Unlike my rock stand, my current private practice provides an experience in a way that is most conducive for your emotional growth (at least that is the intent). It takes investment on my end to provide you with what you see on your end. The price of therapy reflects the price it costs to do business.
While I could push myself to earn more money by obtaining further degrees and certifications, seeing more clients during the week, writing a book or putting on lectures and seminars, I am happy with how many people I currently work with. My schedule allows me to spend more time with my daughter while earning enough to pay my business and personal bills.

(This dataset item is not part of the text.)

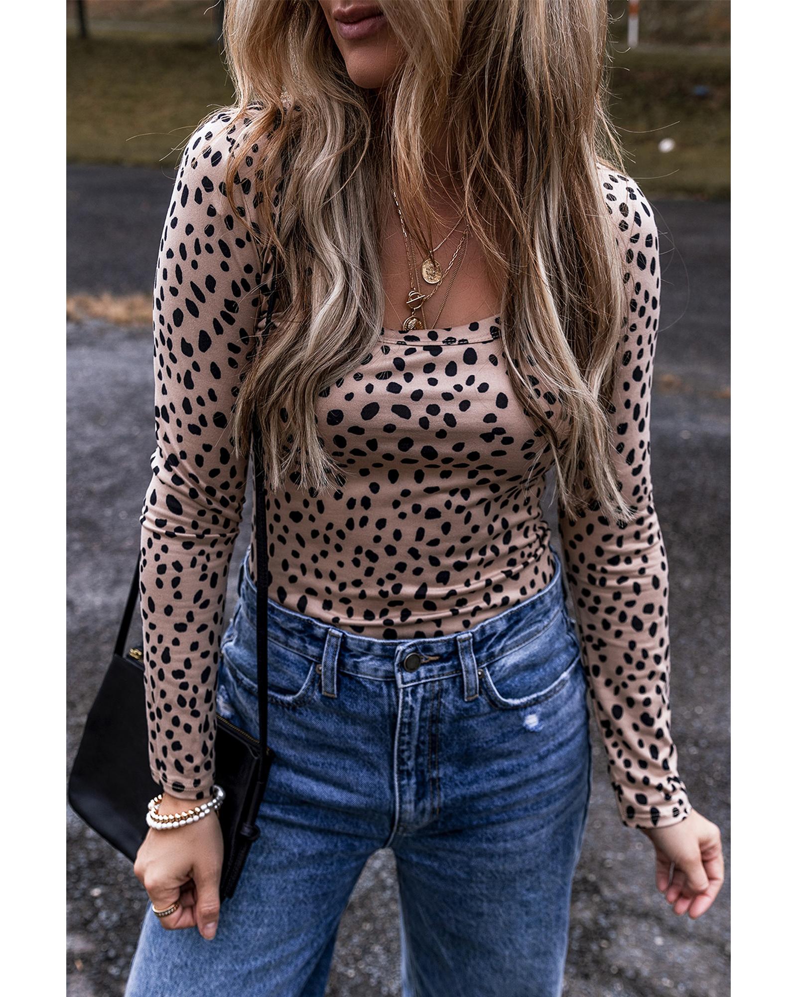 Smoke Gray Leopard Print Long Sleeve Scoop Neck Slim Fit Bodysuit – L
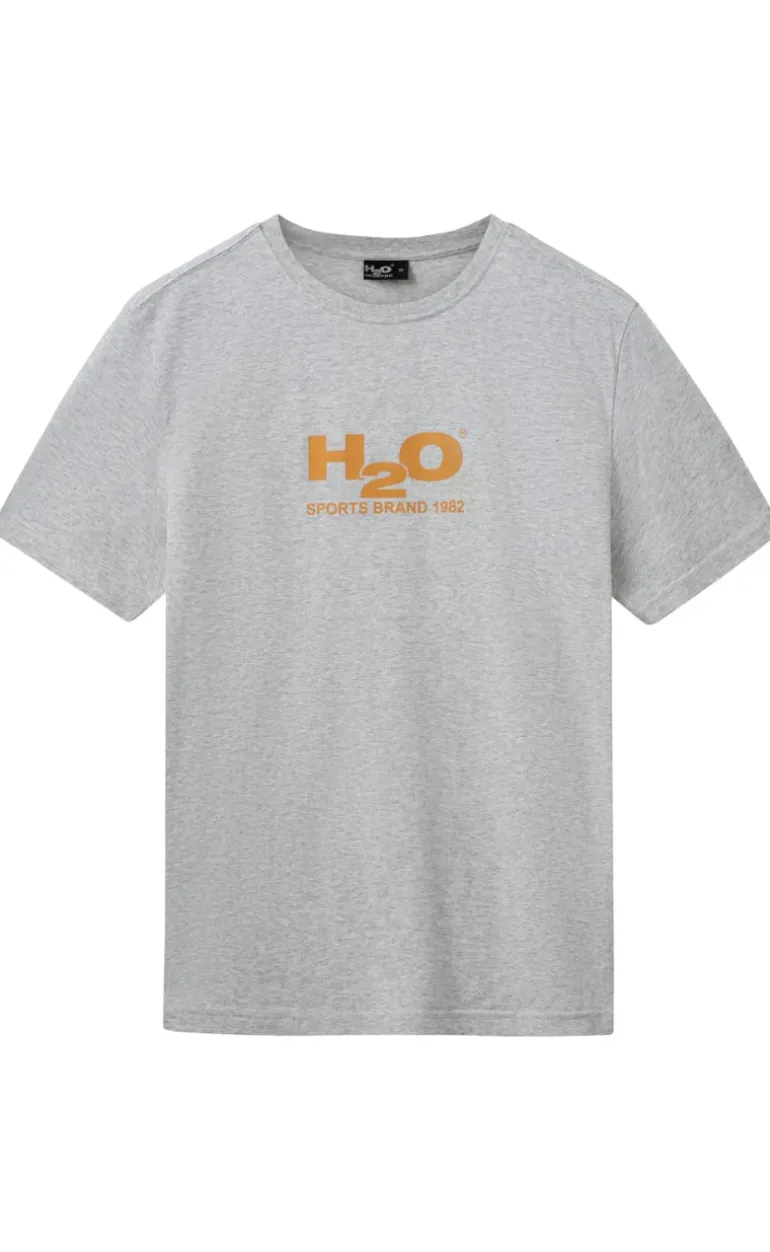 Flot og basic t-shirt fra H2O i lysegrå med det klassiske “H2O” logo fortil, i orange.

I earn just enough to do this and put aside a small amount for savings (and taxes!) while not charging an outlandish fee for service. And I am really proud of the balance I have struck.
WHAT AM I REALLY PAYING FOR?
Therapists do not set their rates based on greed. In fact, most therapists that I know feel guilt every single day because they believe they should be doing more for their clients. I wrestle with the thought daily of accepting insurance so that I can expand my services to people in need. (The reason for this is a whole ‘nother discussion topic!). Every provider I know is a caring, generous, kind and authentic person. They did not go into this field to get rich.
Like teachers and firemen, therapists genuinely want to help. But does that mean that they should be expected to do their jobs for free or at a sacrifice to self and home? Absolutely not. Yet many customers assume that the bleeding-heart mentality of a helping professional means that they should give you something for nothing – out of the love in their heart. Well, you ain’t payin’ for love. You are paying for a highly skilled and educated service.
I am a Master’s level therapist with a state license to practice. That required a huge investment on my end and I am drowning in student loan debt. Licensing requires yearly fees as does the thousands of dollars I pay for continued education and specialized training to keep my skills fresh or certifications valid.
While many therapists switched to strictly online sessions during the pandemic, I found that many clients wanted to get back to the face-to-face intimacy of individual work, so I maintain an office space. While I could save thousands of dollars a month in rent and utilities, I love my workspace and know how much my clients appreciate the safe, comfortable environment I have provided.
The office utilities are typical, if not expensive, but it is the hidden utilities I did not bank on; HIPAA approved software for telehealth sessions, notetaking and payment processing (who also take a 3% fee for every payment I accept), along with the various insurances required for being in practice. I have to rent a PO box and pay for my website, domain name and various marketing costs. I also purchase books and tools and journals to dole out to my clients should they need an extra prompt between our sessions. It all adds up to a mighty high price tag for me – which means I have to earn a base amount to simply keep the lights on, so to speak.
You, my lovely clients, help me to keep those metaphorical lights on by agreeing to pay my required fee for service. I am grateful to you and like to think that it is reciprocal; you help me to feed my family and buy new shoes (moderately priced, of course), and you get the very best up-to-date and genuinely compassionate treatment that money can buy. It’s a win-win!
THE PRICE IS RIGHT
The takeaway is this:
When searching for a therapist or setting your own rates as a provider, remember my motto:
Good shoes aren’t cheap & cheap shoes aren’t good.